**Work item**
Using the data beneath this instruction, retype only the lines from the one that contains "中共湘運集團有限責任公司委員" down to the one that contains "YH & CO Scoop", both included, exactly as they appear.

**Data provided**

-------------------------

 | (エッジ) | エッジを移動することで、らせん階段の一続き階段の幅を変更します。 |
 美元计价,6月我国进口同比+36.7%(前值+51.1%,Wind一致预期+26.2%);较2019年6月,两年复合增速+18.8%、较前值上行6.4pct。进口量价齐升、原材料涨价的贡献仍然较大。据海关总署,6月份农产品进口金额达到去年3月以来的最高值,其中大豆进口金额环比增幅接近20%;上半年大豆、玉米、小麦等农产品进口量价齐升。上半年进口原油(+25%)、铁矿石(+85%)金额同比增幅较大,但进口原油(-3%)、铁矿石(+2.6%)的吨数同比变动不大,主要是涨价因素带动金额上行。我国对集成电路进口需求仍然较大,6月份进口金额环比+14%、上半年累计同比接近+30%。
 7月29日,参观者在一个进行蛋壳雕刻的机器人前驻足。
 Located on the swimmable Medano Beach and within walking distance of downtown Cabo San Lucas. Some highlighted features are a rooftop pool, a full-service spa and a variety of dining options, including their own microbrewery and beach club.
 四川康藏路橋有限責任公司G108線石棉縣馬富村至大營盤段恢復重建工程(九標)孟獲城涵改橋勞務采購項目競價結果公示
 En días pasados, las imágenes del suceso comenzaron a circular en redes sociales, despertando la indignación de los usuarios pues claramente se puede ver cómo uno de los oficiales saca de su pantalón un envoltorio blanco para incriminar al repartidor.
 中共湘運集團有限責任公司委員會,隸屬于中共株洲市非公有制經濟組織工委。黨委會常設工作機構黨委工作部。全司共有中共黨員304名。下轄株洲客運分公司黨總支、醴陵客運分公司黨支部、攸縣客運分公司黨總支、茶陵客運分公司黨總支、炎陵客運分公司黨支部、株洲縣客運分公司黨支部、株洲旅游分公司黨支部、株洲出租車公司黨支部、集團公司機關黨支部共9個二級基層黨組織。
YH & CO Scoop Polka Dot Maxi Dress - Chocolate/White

-------------------------

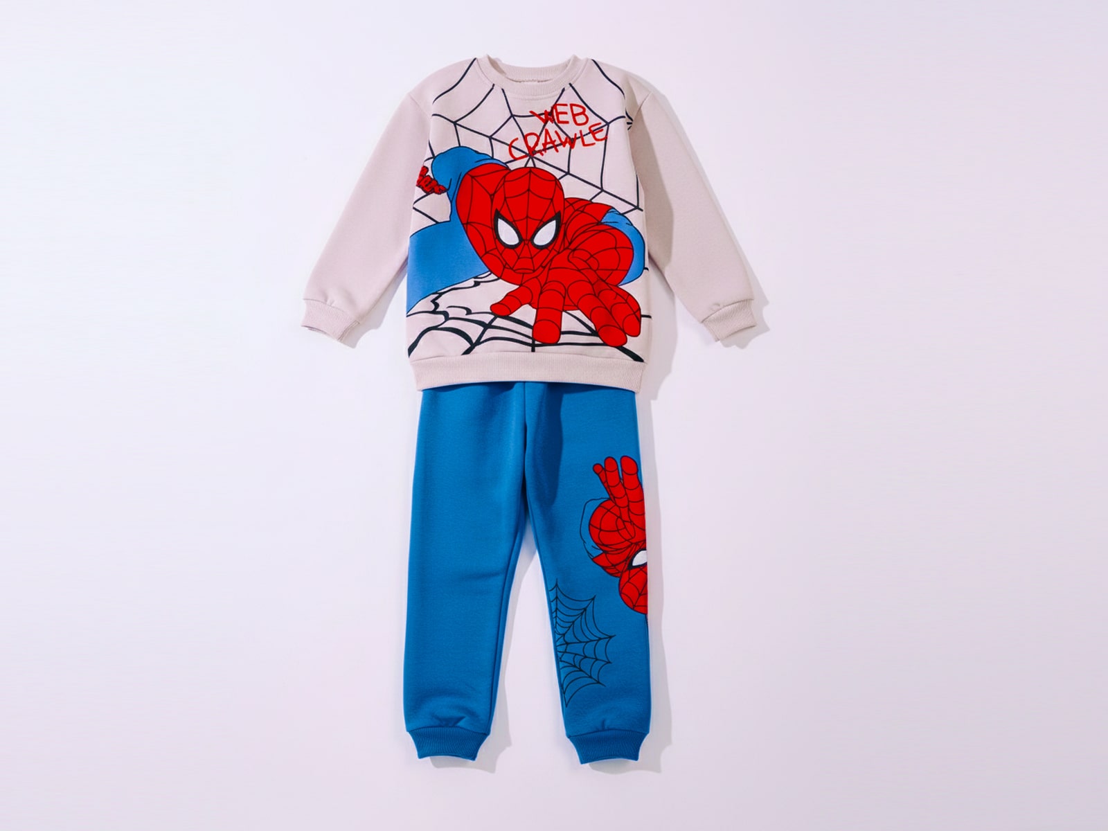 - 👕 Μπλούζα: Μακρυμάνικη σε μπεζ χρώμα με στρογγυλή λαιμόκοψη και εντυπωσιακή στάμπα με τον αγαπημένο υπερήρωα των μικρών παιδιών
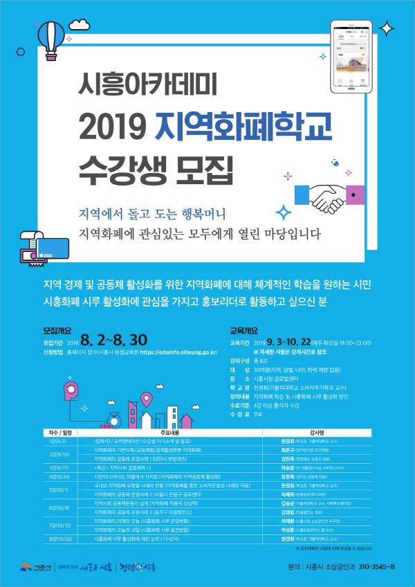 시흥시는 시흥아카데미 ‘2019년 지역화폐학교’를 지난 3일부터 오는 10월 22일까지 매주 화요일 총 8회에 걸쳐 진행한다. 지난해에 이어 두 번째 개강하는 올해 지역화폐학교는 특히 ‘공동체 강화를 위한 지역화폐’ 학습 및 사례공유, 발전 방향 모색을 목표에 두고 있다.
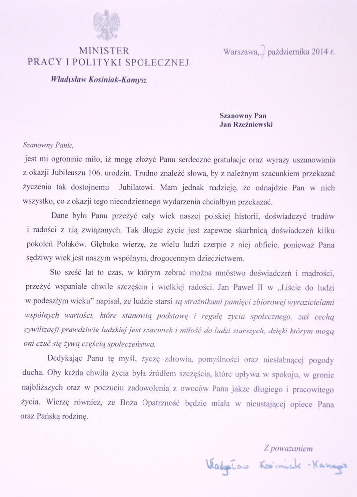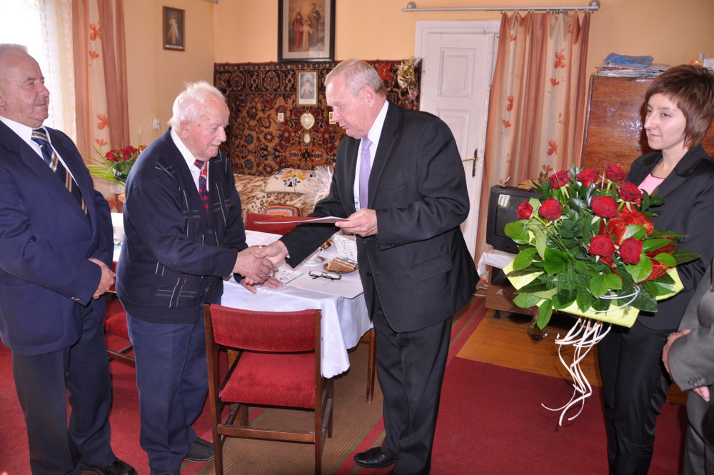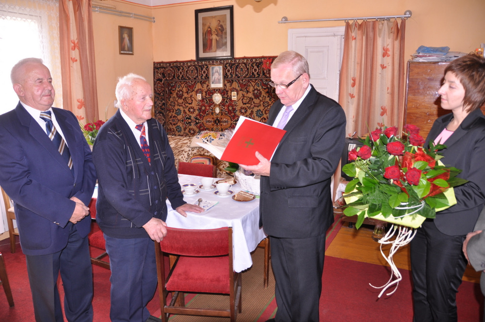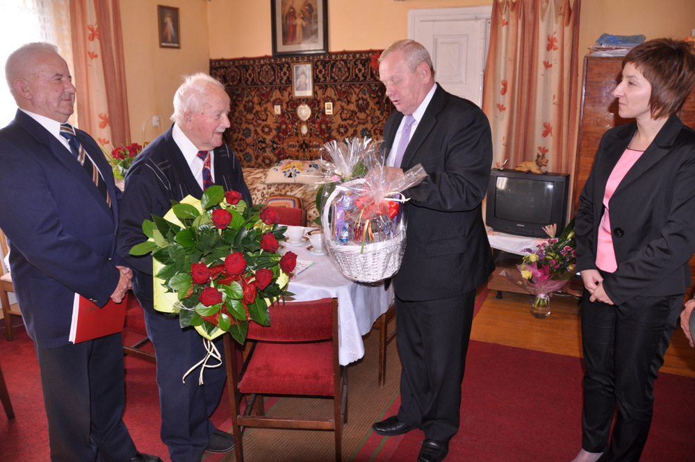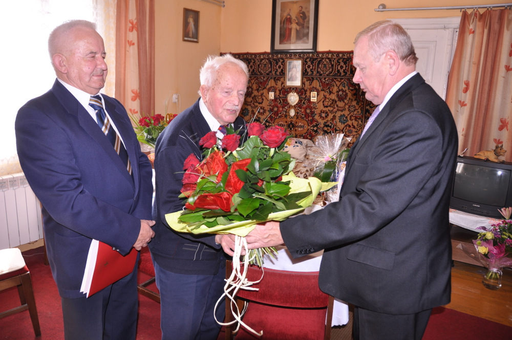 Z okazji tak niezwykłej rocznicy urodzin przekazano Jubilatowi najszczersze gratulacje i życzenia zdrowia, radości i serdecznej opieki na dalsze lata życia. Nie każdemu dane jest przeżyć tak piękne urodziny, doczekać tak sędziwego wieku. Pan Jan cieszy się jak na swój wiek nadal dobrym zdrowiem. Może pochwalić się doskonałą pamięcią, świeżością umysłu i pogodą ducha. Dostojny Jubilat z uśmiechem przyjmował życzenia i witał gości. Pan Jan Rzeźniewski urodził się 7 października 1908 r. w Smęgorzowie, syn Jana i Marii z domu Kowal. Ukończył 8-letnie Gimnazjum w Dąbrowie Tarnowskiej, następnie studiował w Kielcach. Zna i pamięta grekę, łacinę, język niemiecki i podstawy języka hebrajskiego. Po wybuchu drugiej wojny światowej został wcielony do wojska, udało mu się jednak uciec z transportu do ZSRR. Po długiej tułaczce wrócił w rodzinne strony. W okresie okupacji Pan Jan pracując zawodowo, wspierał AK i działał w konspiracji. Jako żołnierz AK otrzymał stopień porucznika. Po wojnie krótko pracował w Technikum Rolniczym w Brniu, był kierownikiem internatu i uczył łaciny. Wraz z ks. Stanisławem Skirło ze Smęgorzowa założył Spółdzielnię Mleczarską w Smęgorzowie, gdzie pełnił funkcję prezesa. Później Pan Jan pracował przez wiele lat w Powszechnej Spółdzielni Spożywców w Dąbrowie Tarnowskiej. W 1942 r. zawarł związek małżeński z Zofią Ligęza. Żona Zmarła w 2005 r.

-------------------------

**Answer to this problem**
 中共湘運集團有限責任公司委員會,隸屬于中共株洲市非公有制經濟組織工委。黨委會常設工作機構黨委工作部。全司共有中共黨員304名。下轄株洲客運分公司黨總支、醴陵客運分公司黨支部、攸縣客運分公司黨總支、茶陵客運分公司黨總支、炎陵客運分公司黨支部、株洲縣客運分公司黨支部、株洲旅游分公司黨支部、株洲出租車公司黨支部、集團公司機關黨支部共9個二級基層黨組織。
YH & CO Scoop Polka Dot Maxi Dress - Chocolate/White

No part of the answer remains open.